Your brain is about 75% water, so even mild dehydration can leave you lethargic and thick-headed. Keep a jug on your desk, and rather than counting glasses, drink when you feel thirsty or even hungry – what you first take for hunger is often thirst. Go by the colour of your pee: "It should be straw-coloured, no darker," says Gauteng registered dietitian Watkins. For added zip, add a squeeze of lemon – vitamin C can help protect cells against oxidative stress, but the main advantage is the smell: researchers at Takasago, Japan’s biggest producer of fragrances, found people who work with computers made 54% fewer typing errors when the workplace was scented with lemon.

Green tea

This traditional Chinese brew contains the amino acid L-theanine, thought to increase alpha brainwaves associated with the ‘alert relaxation’ achieved in meditation. According to a study of its effects in the Journal of Functional Foods, "results demonstrated that l-theanine clearly has a pronounced effect on attention performance and reaction time response in normal healthy subjects prone to have high anxiety". 

Coffee

Don’t dismiss this classic pick-me-up. The caffeine in coffee not only makes you more alert, it boosts concentration and mood. And according to a study by the Krembil Brain Institute in Canada, drinking coffee may also protect you against developing both Alzheimer's and Parkinson's disease.

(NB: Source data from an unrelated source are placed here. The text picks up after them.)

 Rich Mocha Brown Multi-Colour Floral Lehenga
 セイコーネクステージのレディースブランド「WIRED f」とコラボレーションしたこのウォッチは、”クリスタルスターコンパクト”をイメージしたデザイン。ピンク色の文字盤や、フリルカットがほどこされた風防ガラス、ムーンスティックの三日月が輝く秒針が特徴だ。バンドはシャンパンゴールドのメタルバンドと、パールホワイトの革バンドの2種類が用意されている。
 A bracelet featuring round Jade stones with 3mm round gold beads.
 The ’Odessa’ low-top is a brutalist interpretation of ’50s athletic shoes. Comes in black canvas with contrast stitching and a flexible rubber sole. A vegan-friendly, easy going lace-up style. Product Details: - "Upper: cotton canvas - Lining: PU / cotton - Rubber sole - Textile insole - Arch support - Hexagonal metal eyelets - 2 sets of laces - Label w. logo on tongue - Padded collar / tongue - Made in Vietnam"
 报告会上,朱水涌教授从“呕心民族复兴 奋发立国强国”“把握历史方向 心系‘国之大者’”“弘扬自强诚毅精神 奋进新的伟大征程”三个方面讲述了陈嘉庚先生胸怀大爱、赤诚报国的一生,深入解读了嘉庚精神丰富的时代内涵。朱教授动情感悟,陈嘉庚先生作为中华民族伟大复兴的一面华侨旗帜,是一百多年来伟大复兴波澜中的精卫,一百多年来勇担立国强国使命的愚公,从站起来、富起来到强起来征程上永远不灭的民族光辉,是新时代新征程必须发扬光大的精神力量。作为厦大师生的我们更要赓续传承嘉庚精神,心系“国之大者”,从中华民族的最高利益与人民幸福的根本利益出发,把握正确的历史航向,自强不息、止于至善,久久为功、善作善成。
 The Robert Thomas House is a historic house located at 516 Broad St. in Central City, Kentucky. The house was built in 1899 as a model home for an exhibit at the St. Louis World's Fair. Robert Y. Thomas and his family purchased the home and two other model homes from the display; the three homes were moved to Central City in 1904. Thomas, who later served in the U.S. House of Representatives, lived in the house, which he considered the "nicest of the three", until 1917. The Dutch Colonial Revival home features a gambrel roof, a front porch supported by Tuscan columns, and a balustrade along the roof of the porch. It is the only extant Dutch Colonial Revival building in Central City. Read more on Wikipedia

The researchers identified compounds known as phenylindanes, which emerge as a result of the roasting process of the beans. "Phenylindanes are unique in that they are the only compound investigated in the study that inhibits both beta amyloid and tau, two protein fragments common in Alzheimer's and Parkinson's, from clumping", they said.

Hot chocolate

It may be associated with bedtime, but the flavonols in cacao can also preserve and improve cognitive functions such as memory, attention and learning by day. Use dark chocolate with at least 70% cocoa for the best boost. A recent study in the journal Nutrients found that "after chronic intake of cocoa flavanols in young adults, a better cognitive performance was found together with increased levels of neurotrophins. This systematic review further supports the beneficial effect of cocoa flavanols on cognitive function and neuroplasticity".

Berry smoothies

Berries are not just delicious, they’re rich in antioxidants and plant chemicals like anthocyanins, which stimulate the flow of blood and oxygen to the brain and help keep the mind fresh. Studies have linked consuming more of the darkly pigmented ones like blueberries, especially, with a reduced risk of Alzheimer's. And British scientists at Reading University found volunteers who drank a blueberry smoothie in the morning did much better at mental tasks in the mid-afternoon than people who had an alternative drink.